> [Your assignment]: No pictures, please: print exactly the lines from the one that contains "在网警大队、合成作战中心,民" through the last line of the listing.
━━━ Material for this exercise
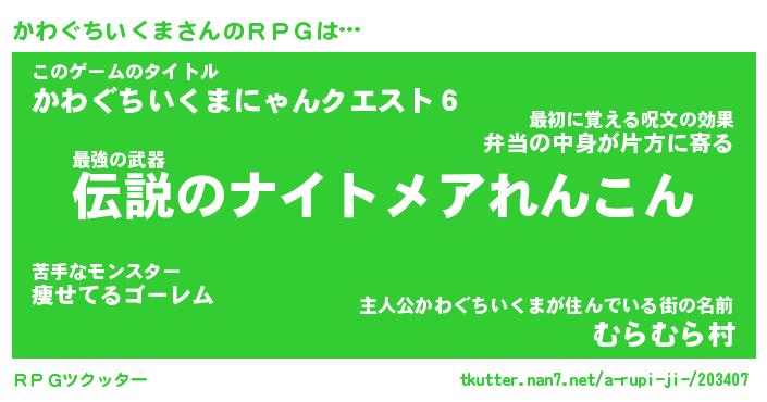| 男性向けラノベタイトル風あだ名 | 『かわぐちいくまの憂鬱』 |
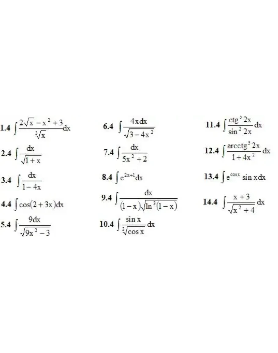 1. Найти неопределенные интегралы (в заданиях 1-5 результаты интегрирования проверить дифференцированием). (1-14)
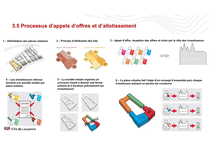 - Un appel d’offres investisseurs via lequel la Ville a attribué les lots afin de sélectionner plusieurs types d'investisseurs selon sa politique du logement
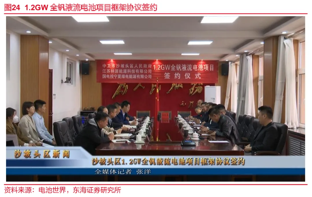 2023年3月,沙坡头区与江苏林源控股集团和国电投宁夏绿电能源有限公司签订了1.2GW全钒液流电池项目框架协议,该项目计划于2023年投资15亿元用于建设全钒液流储能电池生产项目。项目规划投资建设 200MW光伏和200风力发电项目,并在沙坡头 区建立全钒液流储能电池制造工厂、储能核心设备研发中心和推广中心。该项目总占地面积 约120亩,全部投产后可达到年产全钒液流电池1.2GWh的生产能力,年产值预计约40亿元。
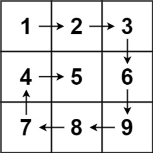 - 예시) matrix = [[1,2,3],[4,5,6],[7,8,9]] → [1,2,3,6,9,8,7,4,5] 반환
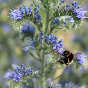 Echium vulgare Eine beindruckende Wildpflanze, wenn sie ihre blauen Blütentrauben in die Höhe reckt. Schmetterling und Bienen laben sich an den Blüten. Sie sind essbar. Natternkopf ist ein Vertreter der Raublattgewächse, zu denen auch der Borretsch gehört. Die Blüten einfach auszupfen und damit Speisen dekorieren. 75 Korn Standort: Sonne, Halbschatten Lebensform: winterhart, zweijährig Verwendbare Teile: Blüten Verwendung: Essbare Blüten, Bienen- und Insektenweide Wuchshöhe: 80cm
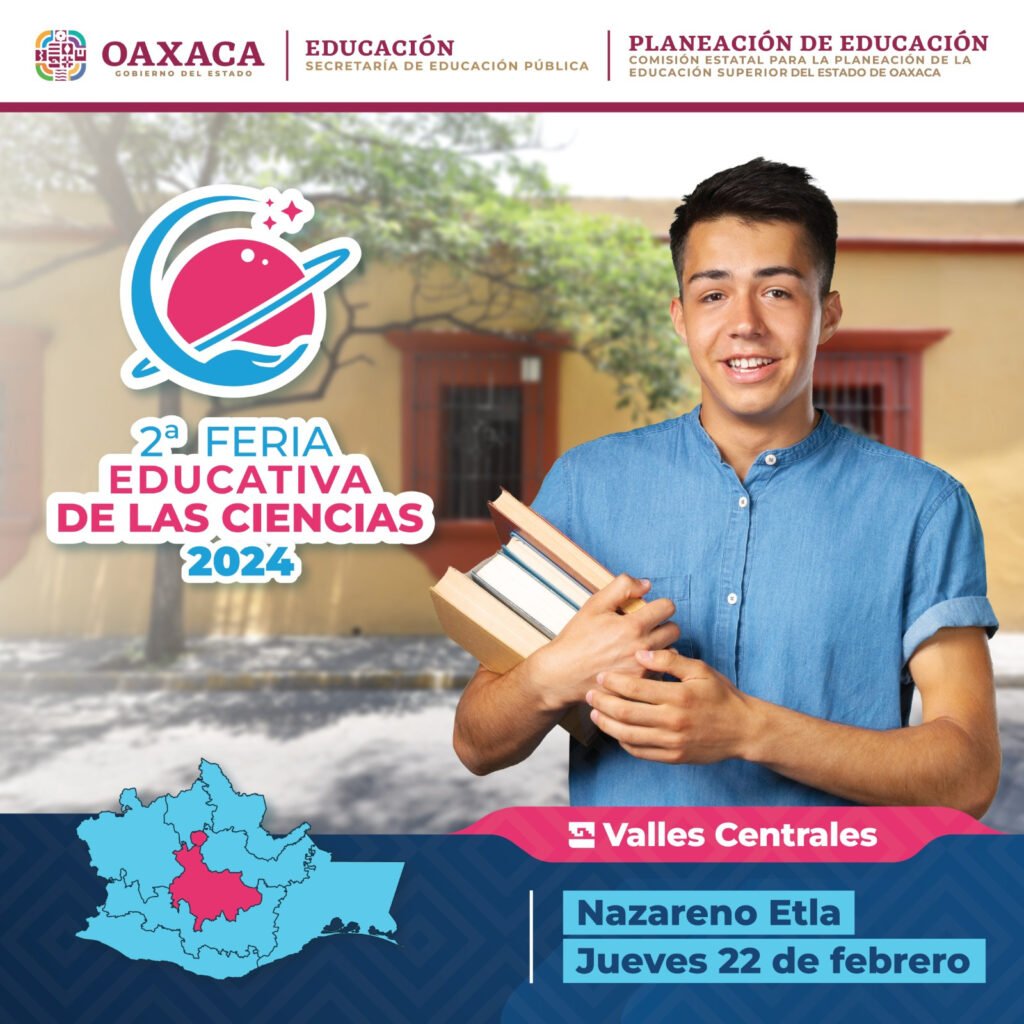 Oaxaca de Juárez, Oax. 19 de febrero 2024. La Comisión Estatal para la Planeación de la Educación Superior (Coepes), invita a la Segunda Feria Educativa de las Ciencias 2024 que tiene la finalidad de incentivar en la juventud la continuación sus estudios a nivel licenciatura.
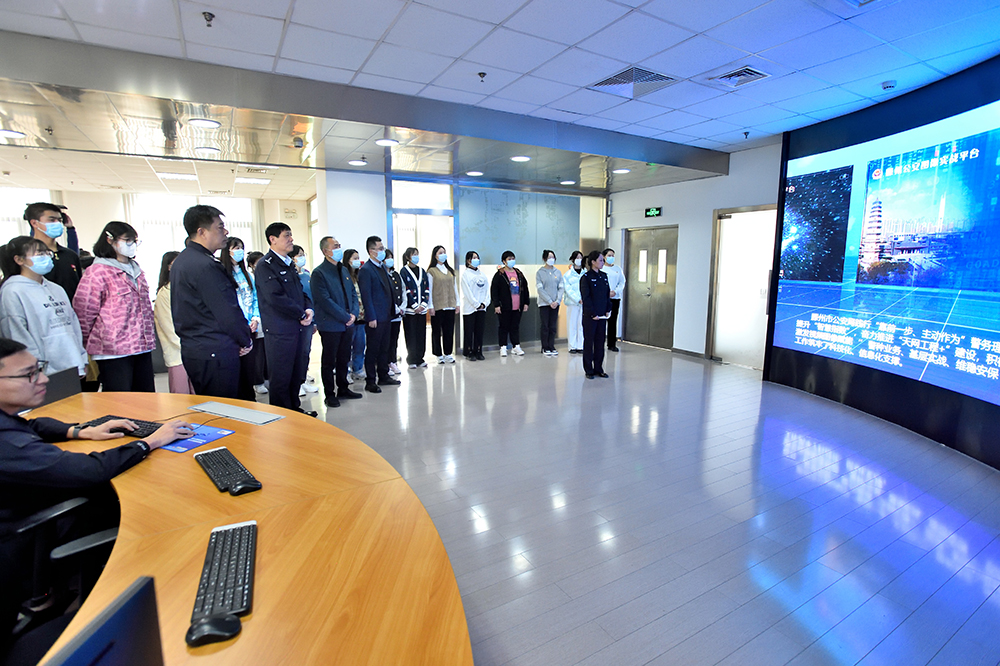 在网警大队、合成作战中心,民警通过视频向师生们介绍了网络谣言、电信诈骗等网络违法犯罪的性质和危害,宣讲了互联网相关法律法规和网络安全防范知识,使广大师生认识到网络安全的重要性和必要性,进一步提高了自我防范意识和自控能力;在110指挥中心,师生们近距离观摩、体验了110接处警服务和信息化应用的工作环境,进一步了解了如何正确拨打110;在图像管理中心,师生们了解了全市“天网”工程建设情况,观看了“天网”监控视频功能和应用的演示。
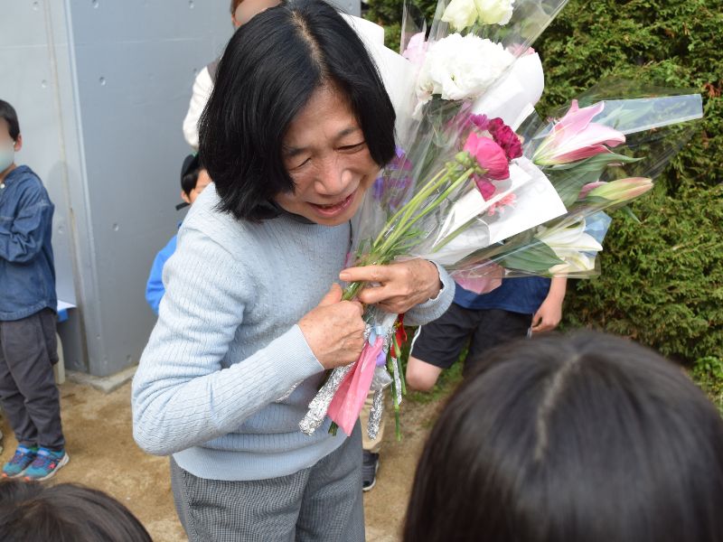 定年退職の知らせを聞きつけ、卒園生と保護者が次々と駆けつけた日。腕いっぱいの花束に包まれた石橋さん。
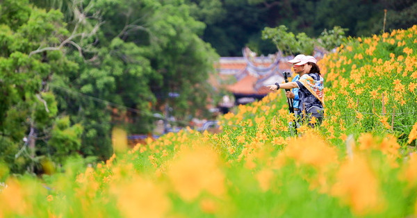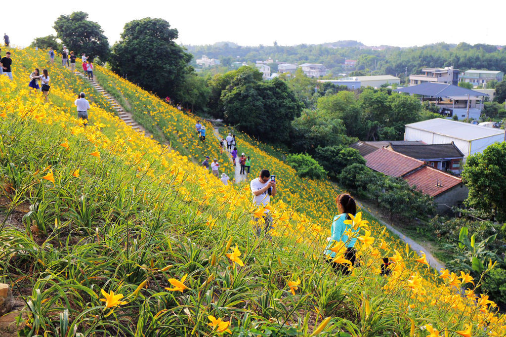 中部的爸媽想帶小朋友就近賞金針花,就來虎山巖吧,不用長途跋涉,又有大型停車場。金針花就種在虎山巖旁的山坡步道上,滿開時整片山坡黃澄澄的,非常亮眼,不論是在山坡下或走上去往下拍,都很漂亮。
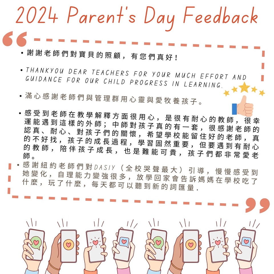 感謝各位日前蒞臨<紐約國際>113學年度-家說會,相信透過管理/行政/教學團隊的分享,我們確實傳遞了NYIS對幼教的堅持,以及2024設定的教學目標。
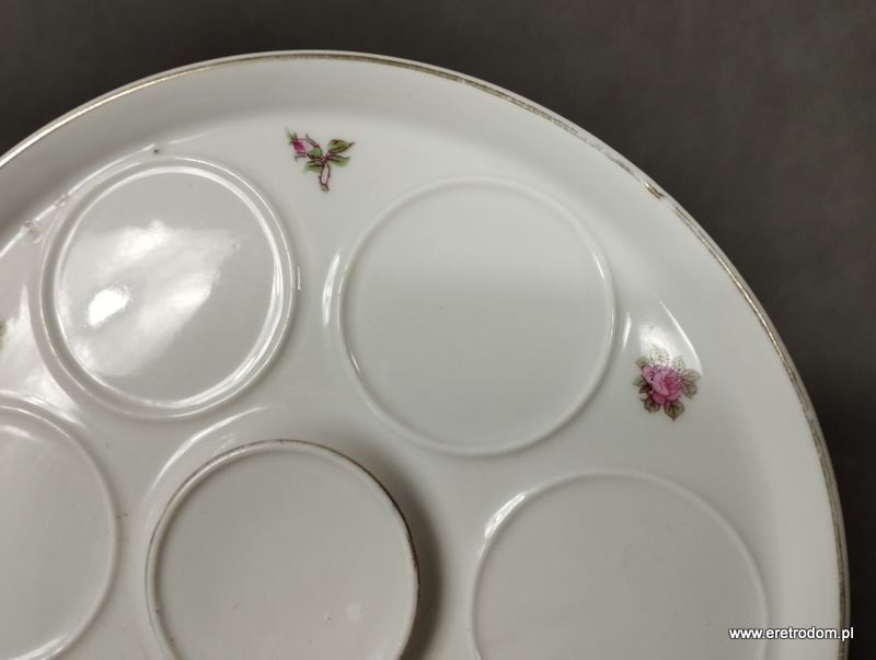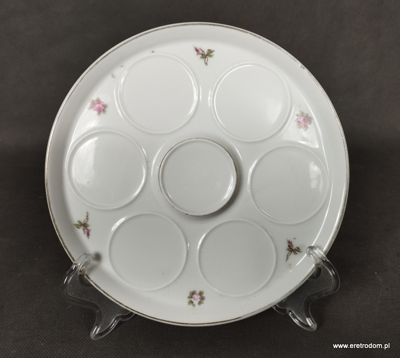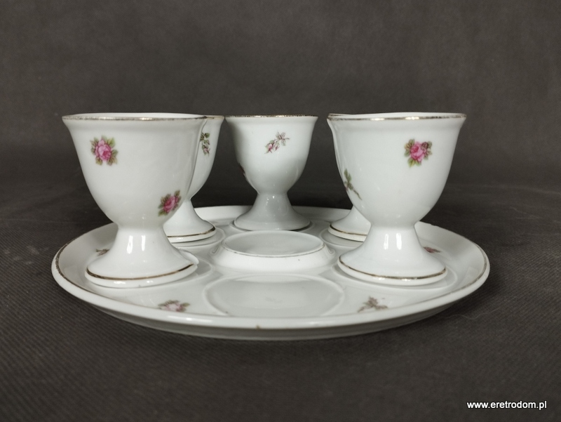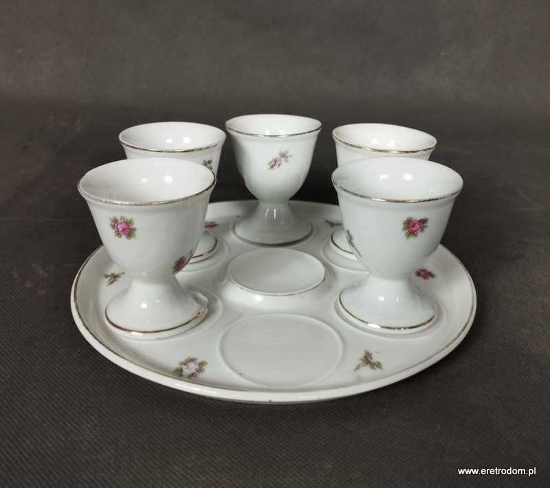 Kieliszki na jajka ( 5 sztuk) oraz taca wyprodukowane przez manufakturę Giesche (lata 1929-1939) Biała porcelana ozdobiona kalką kwiatową, złocona. Od spodu sygnatura producenta.
━━━━━━
> [Final answer]:
 在网警大队、合成作战中心,民警通过视频向师生们介绍了网络谣言、电信诈骗等网络违法犯罪的性质和危害,宣讲了互联网相关法律法规和网络安全防范知识,使广大师生认识到网络安全的重要性和必要性,进一步提高了自我防范意识和自控能力;在110指挥中心,师生们近距离观摩、体验了110接处警服务和信息化应用的工作环境,进一步了解了如何正确拨打110;在图像管理中心,师生们了解了全市“天网”工程建设情况,观看了“天网”监控视频功能和应用的演示。
 定年退職の知らせを聞きつけ、卒園生と保護者が次々と駆けつけた日。腕いっぱいの花束に包まれた石橋さん。
 中部的爸媽想帶小朋友就近賞金針花,就來虎山巖吧,不用長途跋涉,又有大型停車場。金針花就種在虎山巖旁的山坡步道上,滿開時整片山坡黃澄澄的,非常亮眼,不論是在山坡下或走上去往下拍,都很漂亮。
 感謝各位日前蒞臨<紐約國際>113學年度-家說會,相信透過管理/行政/教學團隊的分享,我們確實傳遞了NYIS對幼教的堅持,以及2024設定的教學目標。
 Kieliszki na jajka ( 5 sztuk) oraz taca wyprodukowane przez manufakturę Giesche (lata 1929-1939) Biała porcelana ozdobiona kalką kwiatową, złocona. Od spodu sygnatura producenta.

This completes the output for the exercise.